A la salida del viejo ascensor, el colega Comte vestía su tradicional terno gris; yo lo apodaba el majadero, el rey de los majaderos y Comte, risueño, tomaba mis palabras como una broma soportable, indigna de ruptura; me consideraba su amigo y el sentimiento era recíproco, pero era tan majadero que yo no podía dejar de hacer el pesado comentario cada vez que iniciábamos un diálogo.
Esta vez callaba, ni siquiera me saludó. Estaba serio. Ya no era el hombre de los ojos azules y el trato cordial, el colega que no tenía suerte en el amor, porque amaba sinceramente y con pureza. Pero de seguro en su fuero interno seguía siendo un hombre bueno y limpio; el caso era que no me lo demostraba. Esperaba en el ascensor, de costado, no es que quisiese entrar. Estaba como de casualidad en ese momento justo.
Entonces se nos cruzó Domingo Vargas con su fila de seguidores, aunque sin hacer acto de presencia, estos últimos. Por la forma en que caminaba, seguro que lo acompañaba una cantidad de incondicionales, de eso no podía caber duda alguna; solo que no estaban allí, ya aparecerían. Vargas caminaba por el pasillo de un segundo piso adornado por arcos de medio punto, el silencio era sepulcral y no me dirigió la palabra. Yo sabía que había muerto hace unos días, pero no me extrañó para nada verlo por aquí. Tenía cosas que hacer, simplemente.

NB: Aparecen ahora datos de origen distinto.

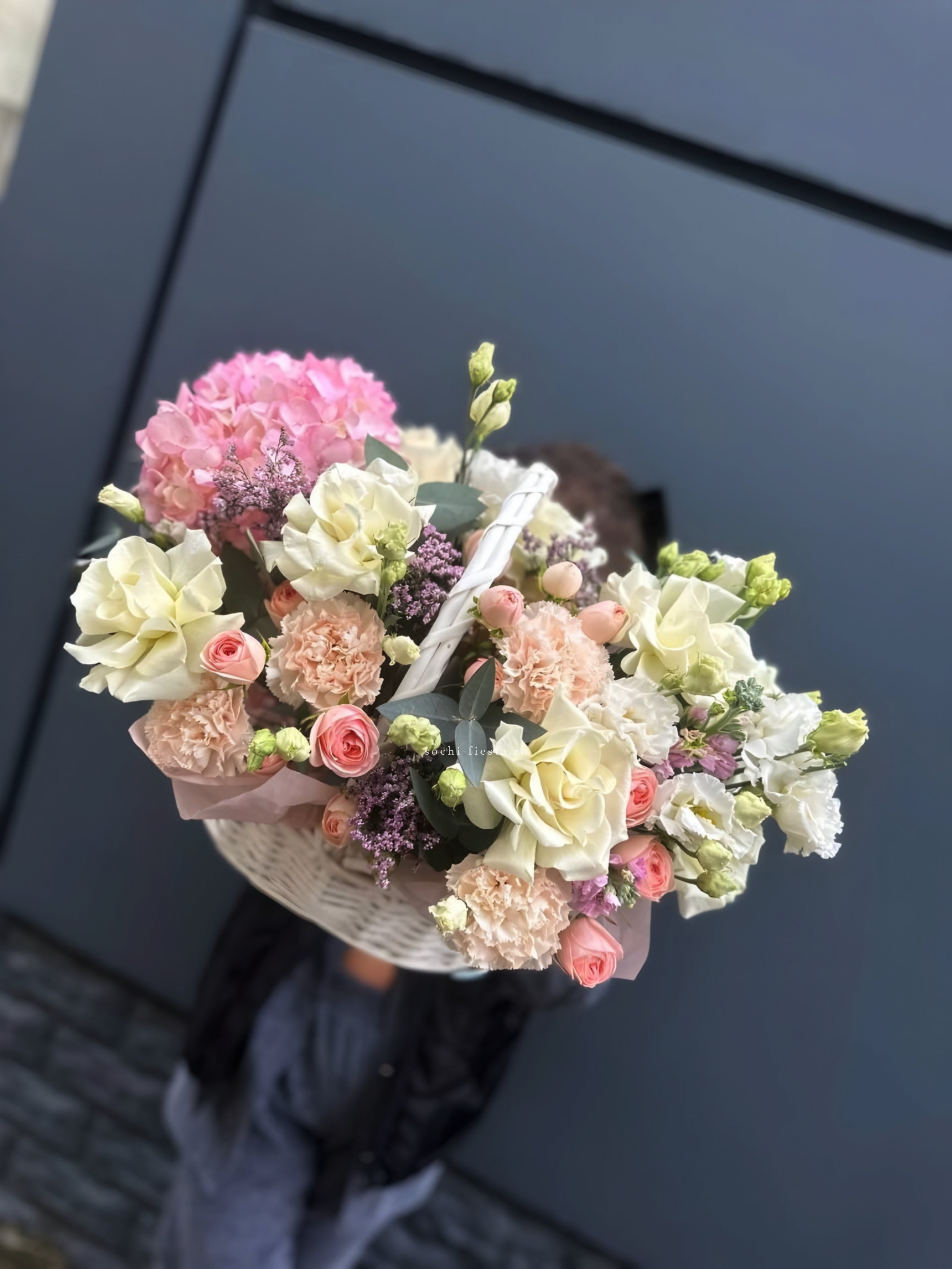лилии, гортензия, антиринум, мисти баблс, розы, эустома, корзина гигант.

¿Por qué nadie me miraba? ¿O no me querían mirar a propósito? Hasta hoy no me lo explico. El asunto fue que el mismo Vargas desmintió mis aprensiones. Desaparecida la figura del majadero, Domingo Vargas esperaba la llegada del ascensor vestido de ojos tristes, sonrisa bonachona y una chaqueta de gamuza algo pasada de moda. Sabía que el aparato mecánico lo bajaría a los infiernos; por eso estaba nervioso, pero contento, se le notaba en la cara.
El ascensor no aparecía; se atrasaba su hora. Entonces pronunció, solamente para mis oídos, y me sonaron a la súplica de una esperanza, las únicas palabras que escuché ese atardecer:
-Parece que se cortó la luz.
Se sobaba las manos; me vi obligado a consolarlo:
-No te preocupes, Domingo, fuiste un gran dirigente sindical.
Y con esta frase salida limpiamente de mi boca sentí la mano de mi esposa sobre mi hombro izquierdo, animándome a dejar mi sueño.